══ SOURCE DATA ══

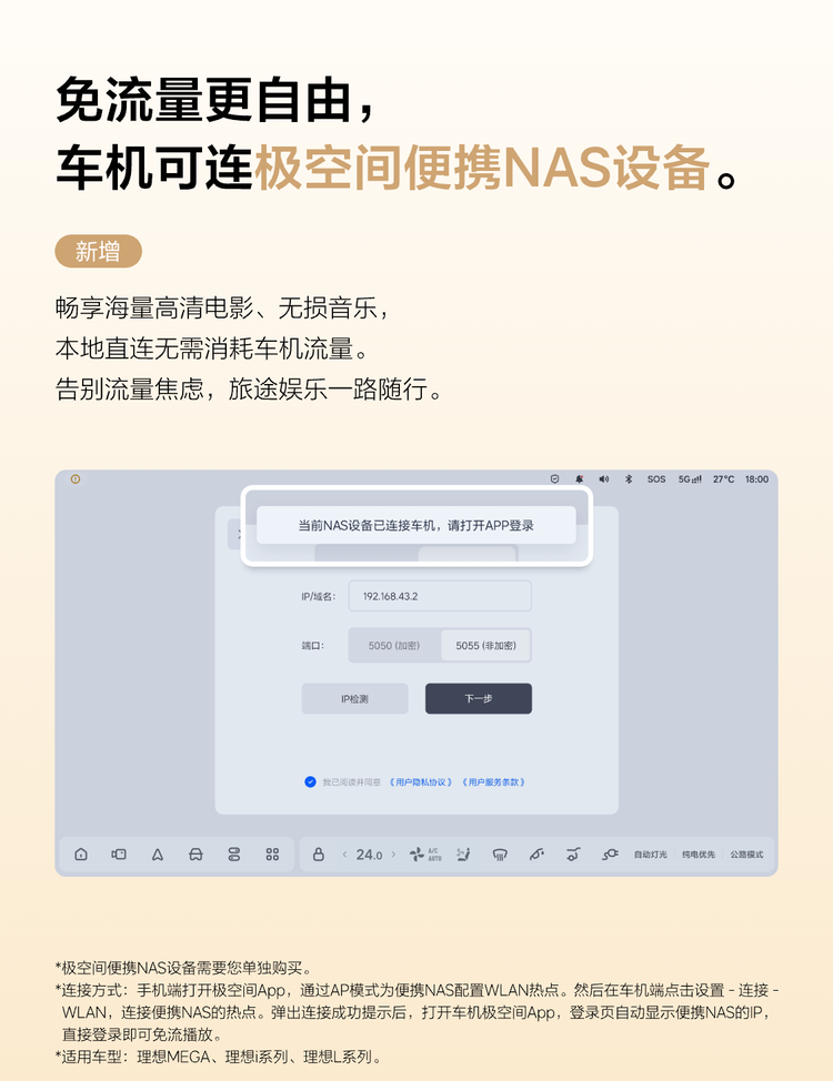 智能座舱这次新增了绿联云软件。用户可以在车内安全地访问家里NAS中存储的4K电影、无损音乐这些资源,相当于把家庭影音库搬到了车上。极空间便携NAS的体验也同步升级了,支持车机免流量连接播放,这样就不用担心影音播放消耗流量了。这个App近期会在应用商店上线。
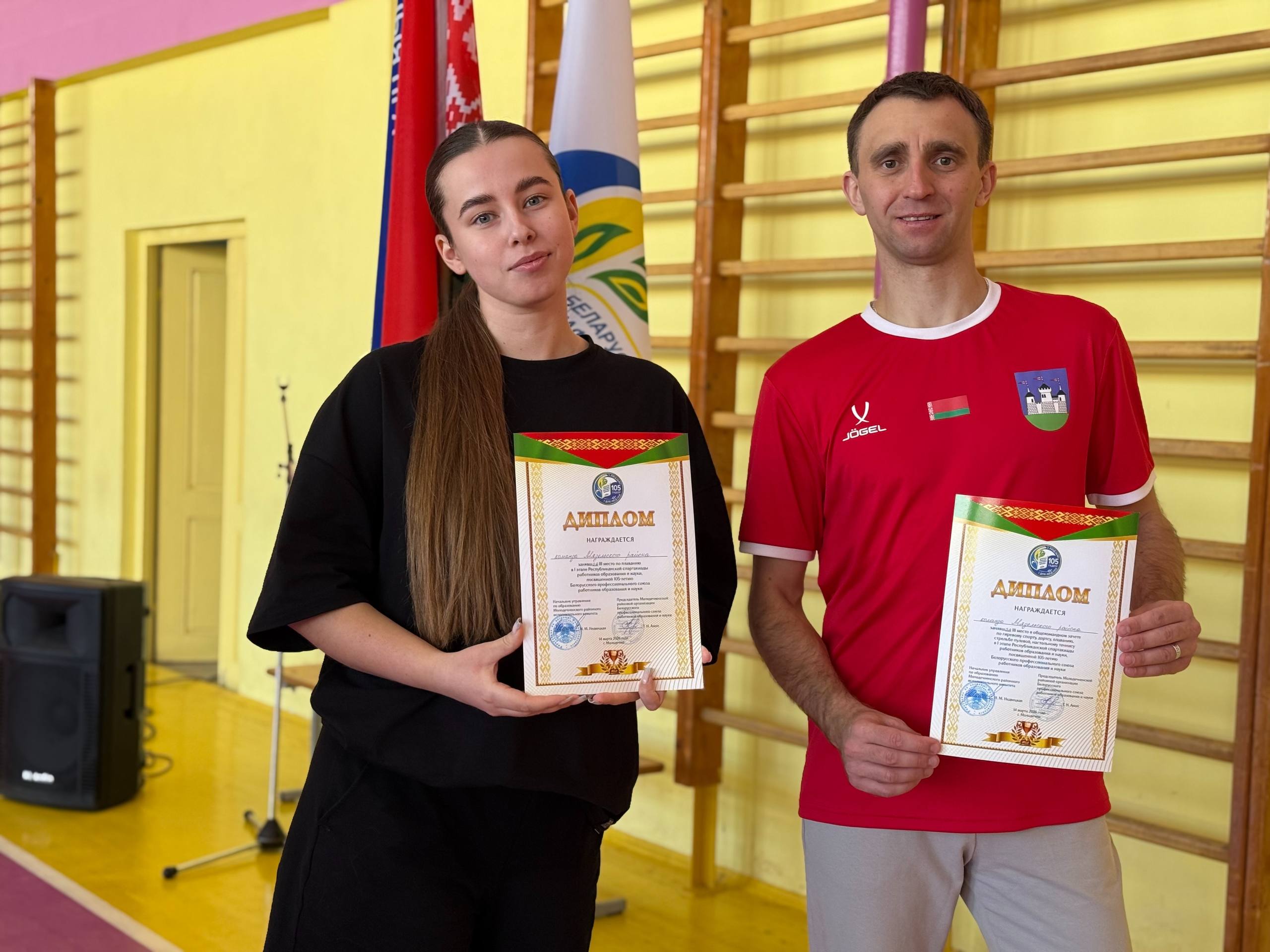 Алина Лазакович, воспитатель, и Виталий Филипович, заведующий отделом физкультурно-оздоровительной работы, приняли участие в соревнованиях в составе команды Мядельского района. Алина принесла в зачет команды 3-е место по плаванию, Виталий – 3-е место в соревнованиях по настольному теннису.
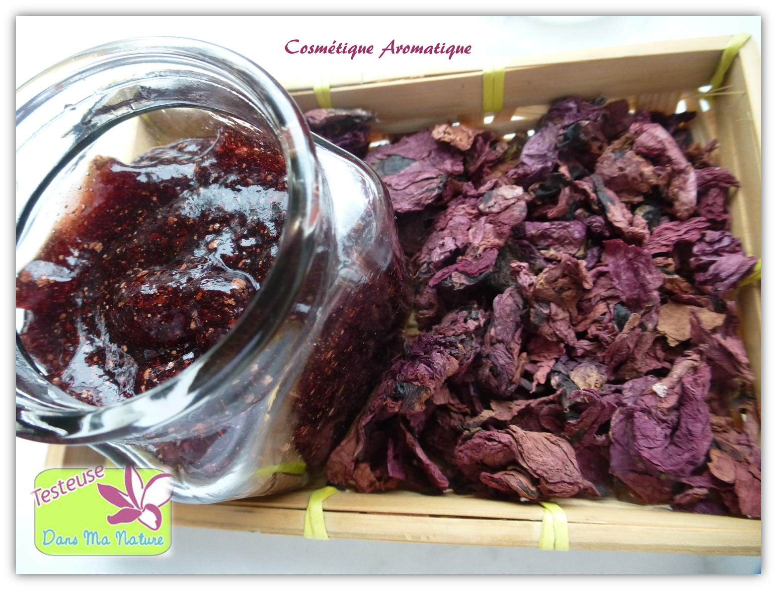 J’ai hésité entre une lotion ou un masque… et le masque a gagné ! J’avais envie de voir cette jolie couleur rouge foncé transformée en gelée.

═══

◆ ACTIVITY:
Pictures aside, give the data again exactly as it appears.

◆ ANSWER BELOW:
 智能座舱这次新增了绿联云软件。用户可以在车内安全地访问家里NAS中存储的4K电影、无损音乐这些资源,相当于把家庭影音库搬到了车上。极空间便携NAS的体验也同步升级了,支持车机免流量连接播放,这样就不用担心影音播放消耗流量了。这个App近期会在应用商店上线。
 Алина Лазакович, воспитатель, и Виталий Филипович, заведующий отделом физкультурно-оздоровительной работы, приняли участие в соревнованиях в составе команды Мядельского района. Алина принесла в зачет команды 3-е место по плаванию, Виталий – 3-е место в соревнованиях по настольному теннису.
 J’ai hésité entre une lotion ou un masque… et le masque a gagné ! J’avais envie de voir cette jolie couleur rouge foncé transformée en gelée.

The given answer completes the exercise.